What is the meaning of parameter -1?

参数-1是什么意思?

You can read -1as dynamic number of parameters or "anything". Because of that there can be only one parameter -1in view().

您可以读取-1参数的动态数量或“任何”。正因为如此,-1view().

If you ask x.view(-1,1)this will output tensor shape [anything, 1]depending on the number of elements in x.
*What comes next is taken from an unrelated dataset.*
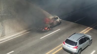 Carro pega fogo no viaduto do Jacintinho em Maceió, causando grande susto entre os motoristas e transeuntes.
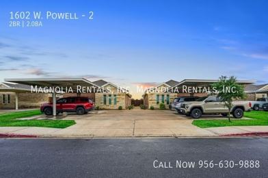 Welcome to 1602 Powell, located in the heart of Edinburg, TX. This 2-bedroom, 2-bathroom apartment boasts a spacious open floor plan with hardwood floors throughout. The modern kitchen features stainless steel appliances, including a stove/oven, refrigerator, and microwave. The master bedroom includes a walk-in closet and a private master bath. Stay comfortable year-round with central AC and ceiling fans in every room. Enjoy the convenience of having a washer and dryer included in the unit. The gated property offers added security, and the patio is perfect for relaxing outdoors. This pet-friendly apartment has breed restrictions in place. Tenant pays for electric and water, and trash removal is included. With a 12-month lease, you can enjoy the peace of mind of 24/7 maintenance support and included lawncare. Don't miss out on this fantastic opportunity to call 1602 Powell your new home!

For example:

如果你问x.view(-1,1)这将输出张量形状,[anything, 1]具体取决于x. 例如:

import torch
x = torch.tensor([1, 2, 3, 4])
print(x,x.shape)
print("...")
print(x.view(-1,1), x.view(-1,1).shape)
print(x.view(1,-1), x.view(1,-1).shape)

Will output:

将输出:

tensor([1, 2, 3, 4]) torch.Size([4])
...
tensor([[1],
        [2],
        [3],
        [4]]) torch.Size([4, 1])
tensor([[1, 2, 3, 4]]) torch.Size([1, 4])

回答by FENGSHI ZHENG

I figured it out that x.view(-1, 16 * 5 * 5)is equivalent to x.flatten(1), where the parameter 1 indicates the flatten process starts from the 1st dimension(not flattening the 'sample' dimension) As you can see, the latter usage is semantically more clear and easier to use, so I prefer flatten().

我发现它x.view(-1, 16 * 5 * 5)等价于x.flatten(1),其中参数 1 表示展平过程从第 1 个维度开始(不是展平“样本”维度) 正如您所看到的,后者的用法在语义上更清晰,更易于使用,所以我更喜欢flatten()

回答by ychnh

I really liked @Jadiel de Armas examples.

我真的很喜欢@Jadiel de Armas 的例子。

I would like to add a small insight to how elements are ordered for .view(...)

我想对 .view(...)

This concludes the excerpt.